You can view the tree of how your SelfAwareData files are related in the datatc web app. To start the web app, run the datatc_app command in your shell and provide the name of the project whose data directory you’d like to view.

>>> datatc_app <registered_project>

This project must have been previously registered to datatc with DataDirectory.register_project(). If you need a reminder of what projects you’ve registered with datatc, run datatc_list.

Note

To use the web app, install datatc with the extra app dependencies: pip install datatc[app]. If you’re using zsh, you’ll need to escape the square brackets with pip install datatc\[app\]


Working with File Types via MagicDataInterface

MagicDataInterface provides a one-stop shop for interacting with common file types. Just point MagicDataInterface to a file path and call save() and load().

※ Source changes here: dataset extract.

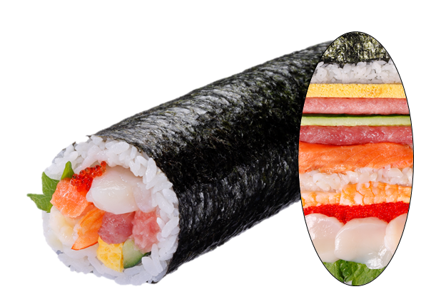 えびやいか、たこ、サーモン、たたきまぐろなどの人気の海の幸がたっぷり入った海鮮太巻です。
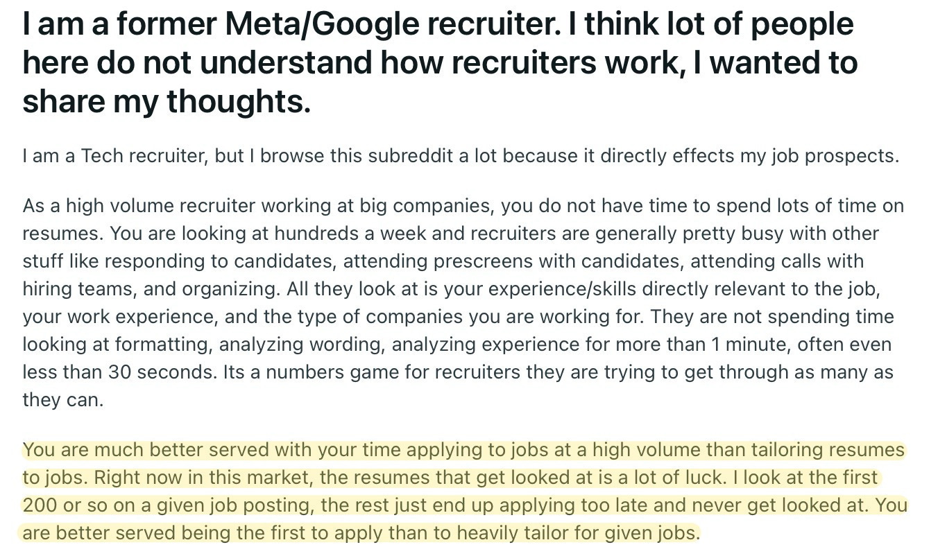 The lowest-hanging fruit is the easiest to automate. This is the work which inexperienced, junior candidates have been doing. It’s easier, cheaper, and faster to prompt an AI than it is to explain a basic task to a junior

from datatc import MagicDataInterface

iris_df = MagicDataInterface.load('iris.csv')
config = MagicDataInterface.load('config/model_params.yaml')

MagicDataInterface.save(results, 'results/iris_results.pkl')

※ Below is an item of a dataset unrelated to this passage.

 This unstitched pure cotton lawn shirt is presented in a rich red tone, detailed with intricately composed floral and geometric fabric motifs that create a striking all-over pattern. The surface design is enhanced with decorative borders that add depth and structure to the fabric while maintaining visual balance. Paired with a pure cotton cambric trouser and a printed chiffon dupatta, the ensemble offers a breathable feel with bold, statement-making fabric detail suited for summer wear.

See Supported Formats for a list of data types that MagicDataInterface knows how to work with.

If you want to work with a file type that MagicDataInterface doesn’t know about yet, you can create a DataInterface for it:

  1. Create a DataInterface that subclasses from DataInterfaceBase, and implement the _interface_specific_save and _interface_specific_load functions.

  2. Register your new DataInterface with MagicDataInterface:

    >>> MagicDataInterface.register_data_interface(MyNewDataInterface)